Whitepaper

Why contract playbooks are essential (and easier than ever to set-up)

Unleash the Power of Contract Playbooks: Discover the essential steps to create and optimise playbooks for streamlined contract negotiation, improved outcomes, and significant time and cost savings in less than 3 hours.

June 22, 2023

Summary

Contract playbooks are now more important and easier to create than ever but are unfortunately still underused. While critics express doubts about their use and overall effectiveness over the perceived time investment and their alleged inflexibility, the availability of better contract data and analytics and the technology to digitise playbooks are heralding an exciting time for the playbook. 

We set out below the key ingredients of an effective playbook and our guide to setting up a playbook in less than 3 hours.  

The benefits: time and money saved; better outcomes; demonstrated business value added by the legal team.

What is a contract playbook?

Contract playbooks come in different shapes and sizes, but broadly it is a guide that:

  • Identifies the key points that are repeatedly negotiated in a contract and providing ideal and fall-back positions on those points
  • Gives clear explanations to juniors or business colleagues on the desired outcomes and their importance 
  • Sets out any escalation points that need sign-off by seniors or other departments
  • Gives appropriate contract wording to achieve the desired outcome
  • Often contains the workflow and process around contract finalisation 

What are the benefits?

The benefits include time saved training colleagues and reviewing contracts, better business outcomes, more consistency and a framework that allows for constant review of risk and business objectives across a contract portfolio.

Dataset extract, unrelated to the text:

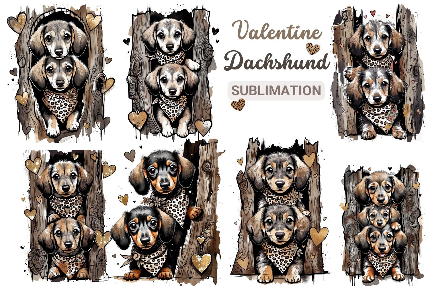 Valentine Dachshund T-shirt Design Tattoo Flash Valentine Dogs Baby Dachshund Sticker Png Leopard Bandana Puppy Valentine Gold Foil Dog Valentine Watercolor Dachshund Trio Rustic Valentine Dog Illustration Boho Valentine Puppy Art Grunge Valentine Dog Print Heart Charm Dachshund Clipart

It provides a benchmark that can adapt to real world conditions over time. 

Contract review can also be flexibly deployed between internal legal, contract managers, business managers and external providers - meaning better and cheaper resourcing with the same outcomes. 

Why are they underused?

While this sounds fine in theory, the devil is in the detail and playbooks aren’t universally popular. Mainly, the perceived upfront time investment, lack of flexibility and the tendency to over complicate puts people off. Some playbooks run to 20-30 pages in quite a dense format, as seen in the image below. There is often a misconception that they need to capture all or nearly all of the negotiation points and provide hard and fast rules. This needn’t be the case. Indeed, one of the most satisfying aspects of negotiating contracts is the exercise of common sense and judgment. 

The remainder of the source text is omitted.